La presa está implantada en un valle bastante largo, con macizo de fundación de buena calidad en el margen derecho y  en el fondo del valle, constituido por esquistos verdes poco alterados y de elevado módulo de deformabilidad. Una situación diferente se verifica en relación con el filadio existente en la ladera izquierda, accidente geológico denominado falla 22, el cual, a pesar de encontrarse razonablemente conservado, presenta módulos de deformabilidad del orden de la mitad de los esquistos verdes.

Este accidente geológico está constituido por dos fallas aproximadamente paralelas, las denominadas falla 22C y 22D, que limitan respectivamente el muro y el techo de la denominada falla 22, con espesores variables entre 3 y 7 mt en la zona mas superficial y superiores a 12 mt bajo el aliviadero de superficie.

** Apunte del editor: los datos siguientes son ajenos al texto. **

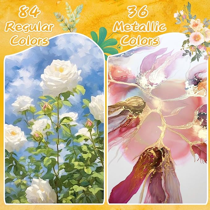 • 【139 PCS All in One Art Kit】The Premium watercolor set includes 84 regular colors, 36 metallic colors, 4 pastel colors, 4 fluorescent colors, 1 water brush pen, 3 detail paintbrushes, 1 art sponge, 1 swatch sheet, 1 nylon paintbrush, 1 HB pencil, 1 rubber, 1 pencil sharpener, 1 transparent palette, total 139 pcs!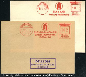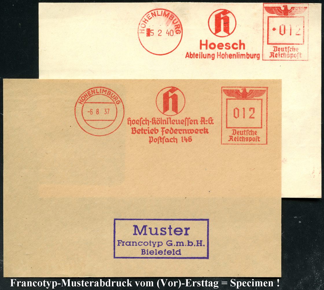 10807 | 35 € | PL-Raum 58 : HOHENLIMBURG/ Hoesch-Köln Neuessen AG/ Betrieb Federnwerk.. 1937 (6.8.) AFS-Musterabdruck Francotyp "Reichsadler" (Monogr.-Logo) glasklar gest. Francotyp-Musterblatt vom (Vor)-Ersttag !, selten! (Dü.E-5CGo) | ![]() ![]() | |

Estas fallas 22C y 22D presentan potencias variables con intrusiones de material arcilloso de espesor variable entre decenas de centímetros hasta valores superiores a un metro, limitando un material constituido por filadio triturado y fracturado. En las zonas de mayor proximidad entre ellas el filadio se encuentra bastante triturado asemejándose a una única falla.

La definición de la solución de proyecto para el tratamiento de la falla 22 se apoyó en estudios de simulación mediante un estudio tridimensional de elementos finitos que modelizan la presa y el macizo de cimentación, en el cual se incluía la modelización de la mencionada falla 22.

Se realizaron diversos estudios de sensibilidad atribuyendo al material de la misma diversos módulos de deformabilidad, y considerando las acciones del peso propio, presión hidrostática y onda térmica anual, llegando a la conclusión de la necesidad de proceder a un refuerzo en la cimentación del estribo izquierdo.

Se definió entonces una solución que incluía las tres siguientes zonas de tratamiento diferenciado:

* Excavación a cielo abierto y reconstitución con hormigón, desde la intersección de la falla con la superficie de excavación de la cimentación hasta el bloque 3-4 de presa.

* Substitución integral por hormigón del material de la caja de la falla, a partir de galerías en su interior, desde el bloque 3-4 hasta el bloque 2-3.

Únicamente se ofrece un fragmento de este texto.